Data supplied »
===

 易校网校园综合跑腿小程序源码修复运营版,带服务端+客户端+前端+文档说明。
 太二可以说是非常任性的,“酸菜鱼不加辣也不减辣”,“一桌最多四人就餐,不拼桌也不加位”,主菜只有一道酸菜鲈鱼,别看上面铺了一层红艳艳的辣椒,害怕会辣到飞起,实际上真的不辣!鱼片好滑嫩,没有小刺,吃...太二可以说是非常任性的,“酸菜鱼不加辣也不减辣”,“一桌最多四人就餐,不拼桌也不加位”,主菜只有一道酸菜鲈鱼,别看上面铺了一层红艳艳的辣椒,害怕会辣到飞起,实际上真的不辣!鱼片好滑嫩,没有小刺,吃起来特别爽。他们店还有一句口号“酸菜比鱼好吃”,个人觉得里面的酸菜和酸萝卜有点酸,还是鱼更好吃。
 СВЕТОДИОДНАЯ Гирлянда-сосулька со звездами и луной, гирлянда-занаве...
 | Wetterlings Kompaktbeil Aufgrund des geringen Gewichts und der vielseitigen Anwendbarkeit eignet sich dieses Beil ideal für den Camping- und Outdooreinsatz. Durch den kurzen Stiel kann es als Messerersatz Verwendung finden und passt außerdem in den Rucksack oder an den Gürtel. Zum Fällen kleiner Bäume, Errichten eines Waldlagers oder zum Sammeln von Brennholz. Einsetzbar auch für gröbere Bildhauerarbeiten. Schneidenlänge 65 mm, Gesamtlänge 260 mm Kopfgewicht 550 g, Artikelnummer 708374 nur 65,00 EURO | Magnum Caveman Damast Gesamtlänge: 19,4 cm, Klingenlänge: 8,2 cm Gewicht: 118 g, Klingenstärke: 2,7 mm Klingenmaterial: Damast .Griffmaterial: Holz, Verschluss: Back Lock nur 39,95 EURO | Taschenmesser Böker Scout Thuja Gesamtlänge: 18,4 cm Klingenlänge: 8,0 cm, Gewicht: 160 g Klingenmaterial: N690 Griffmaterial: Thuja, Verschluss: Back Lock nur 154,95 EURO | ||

===

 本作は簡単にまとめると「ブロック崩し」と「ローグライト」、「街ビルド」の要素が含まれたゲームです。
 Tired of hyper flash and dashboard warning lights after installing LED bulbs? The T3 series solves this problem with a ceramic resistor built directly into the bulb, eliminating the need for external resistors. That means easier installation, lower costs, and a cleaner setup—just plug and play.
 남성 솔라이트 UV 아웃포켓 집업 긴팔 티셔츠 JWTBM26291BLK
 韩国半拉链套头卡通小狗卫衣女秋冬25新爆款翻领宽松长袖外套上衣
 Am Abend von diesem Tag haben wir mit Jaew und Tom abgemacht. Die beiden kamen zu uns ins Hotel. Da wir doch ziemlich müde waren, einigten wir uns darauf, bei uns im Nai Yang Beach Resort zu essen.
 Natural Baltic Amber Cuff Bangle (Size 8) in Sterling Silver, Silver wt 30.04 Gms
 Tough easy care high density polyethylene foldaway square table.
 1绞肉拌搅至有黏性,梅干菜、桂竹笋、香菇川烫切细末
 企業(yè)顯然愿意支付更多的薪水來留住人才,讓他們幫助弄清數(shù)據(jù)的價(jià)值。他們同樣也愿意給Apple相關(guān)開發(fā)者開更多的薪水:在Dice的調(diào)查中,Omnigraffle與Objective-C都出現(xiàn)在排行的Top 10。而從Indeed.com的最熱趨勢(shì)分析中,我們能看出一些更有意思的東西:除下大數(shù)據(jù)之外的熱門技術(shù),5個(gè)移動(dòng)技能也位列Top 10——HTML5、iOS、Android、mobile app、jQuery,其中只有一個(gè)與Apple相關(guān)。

===

Transcribe the records above exactly, beginning at the line that contains "Tired of hyper" and ending with the line that contains "Natural Baltic Amber", both included, and nothing else.

Reply to the task »
 Tired of hyper flash and dashboard warning lights after installing LED bulbs? The T3 series solves this problem with a ceramic resistor built directly into the bulb, eliminating the need for external resistors. That means easier installation, lower costs, and a cleaner setup—just plug and play.
 남성 솔라이트 UV 아웃포켓 집업 긴팔 티셔츠 JWTBM26291BLK
 韩国半拉链套头卡通小狗卫衣女秋冬25新爆款翻领宽松长袖外套上衣
 Am Abend von diesem Tag haben wir mit Jaew und Tom abgemacht. Die beiden kamen zu uns ins Hotel. Da wir doch ziemlich müde waren, einigten wir uns darauf, bei uns im Nai Yang Beach Resort zu essen.
 Natural Baltic Amber Cuff Bangle (Size 8) in Sterling Silver, Silver wt 30.04 Gms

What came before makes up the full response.